Вырванный из блокнота листок с перечислением отобранного революционерами оружия, описав плавный полукруг в воздухе, лег поверх телеграммы Дурново, приказывающей разоружить рабочих.

Вечернее заседание Совета затянулось почти до утра.

Были получены тревожные известия; царь послал на усмирение восставшей Сибири две карательные экспедиции: с востока, из Харбина, двигался генерал Ренненкампф, а с запада, из Москвы, — барон Меллер-Закомельский. Местом их встречи царь назначил Читу.

Николай Кровавый распорядился:

«Арестованных не иметь, патронов не жалеть».

Каратели двигались по железной дороге и на каждой станции расстреливали, пороли, избивали «непокорных».
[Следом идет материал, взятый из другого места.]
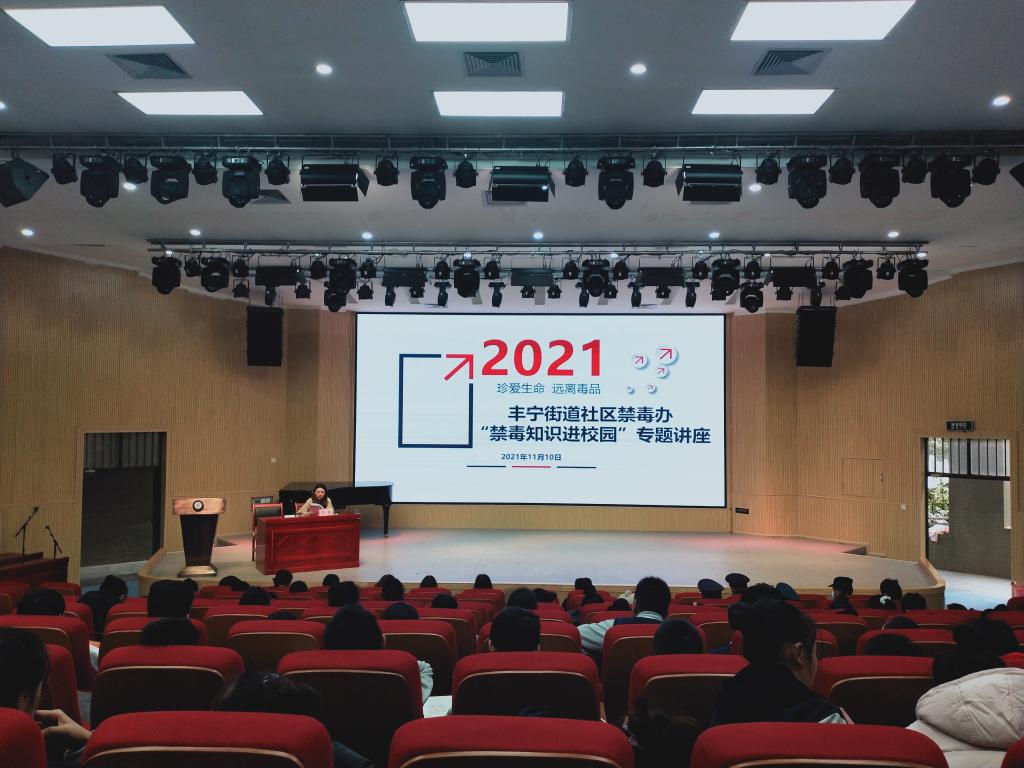 为提高青少年对毒品危害的认识,增强毒品预防和抵制能力,进一步增强法治观念,预防和减少未成年人违法犯罪,为广大师生营造一个安全健康的育人环境,2021年11月10日12:30,我校联合丰宁街道司法所、戒毒办、派出所三个部门,在110艺术实训楼开展禁毒防艾和法治安全讲座。学保科科长杜永正、校卫队员、宿管员、2021级新生班主任、全体新生及部分教师参加讲座,讲座由学保科方艺璇老师主持。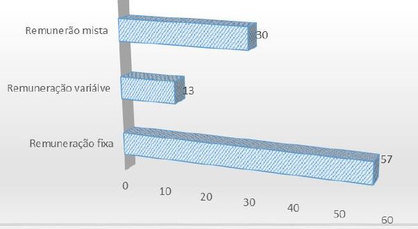 Segundo este gráfico, quanto a preferência dos funcionários em termos de remuneração, a maioria tem preferência por remuneração fixa, outros preferem uma remuneração variável e uma pequena parte tem preferência por um tipo de remuneração mista. As mais variadas formas de remuneração devem ser sempre tidas em conta, cada uma a sua maneira a medida das necessidades e situações que forem ocorrendo mas, com a finalidade de melhorar a motivação dos funcionários e colaboradores. Pois, conforme (Cunha, Rego, et.al. 2012) enfatizam a importância da remuneração na medida em que, segundo estes, em geral, sem suficientes recursos económicos, a convivência com a família e amigos fica dificultada, o acesso a bens de cultura e educação fica condicionado, a oportunidade para o divertimento, as viagens e as férias ficam comprometida e dessa forma o trabalho fica comprometido.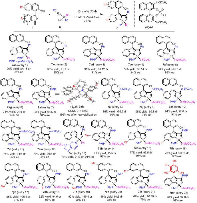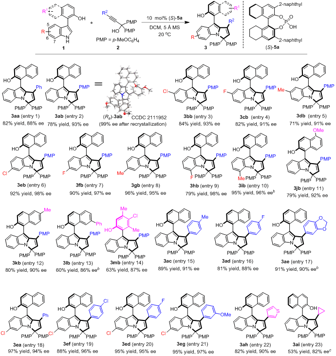 所以,在該工作的設(shè)計中(圖3c),作者設(shè)想此類炔丙醇可以作為合適的1,3-雙親電試劑,在CPA催化下與3-芳基吲哚發(fā)生對映選擇性的(2 + 3)環(huán)化反應(yīng),從而構(gòu)建新型的軸手性芳基吡咯并吲哚骨架。該反應(yīng)將通過動態(tài)動力學拆分(DKR),先發(fā)生1,8-加成反應(yīng),產(chǎn)生手性聯(lián)烯中間體,再經(jīng)歷質(zhì)子化和分子內(nèi)環(huán)化過程,生成軸手性芳基吡咯并吲哚。在反應(yīng)過程中,CPA可以依次活化3-芳基吲哚的OH和NH基團,從而控制(2 + 3)環(huán)化反應(yīng)的區(qū)域選擇性。此外,CPA與底物和中間體之間的相互作用,將促進DKR過程和立體選擇性的分子內(nèi)環(huán)化,從而控制所構(gòu)建的芳基吡咯并吲哚骨架的軸手性和中心手性。因此,所設(shè)計的(2 + 3)環(huán)化反應(yīng)將為構(gòu)建基于吲哚的新型軸手性骨架提供新策略,并且可以同時控制多重手性元素。

На заседании Совета Бабушкин предложил:

— Винтовок у нас теперь достаточно. Держать все оружие в Чите ни к чему. Наша задача — поднять всю Сибирь. Пусть карателей повсюду встречают пулей. Разошлем винтовки и патроны по станциям Забайкальской дороги.

Предложение Бабушкина понравилось.

…Железнодорожники стали немедленно выполнять решение Совета. Они отправляли партии винтовок в Хилок, Верхнеудинск, Борзю, Мысовю, Сретенск…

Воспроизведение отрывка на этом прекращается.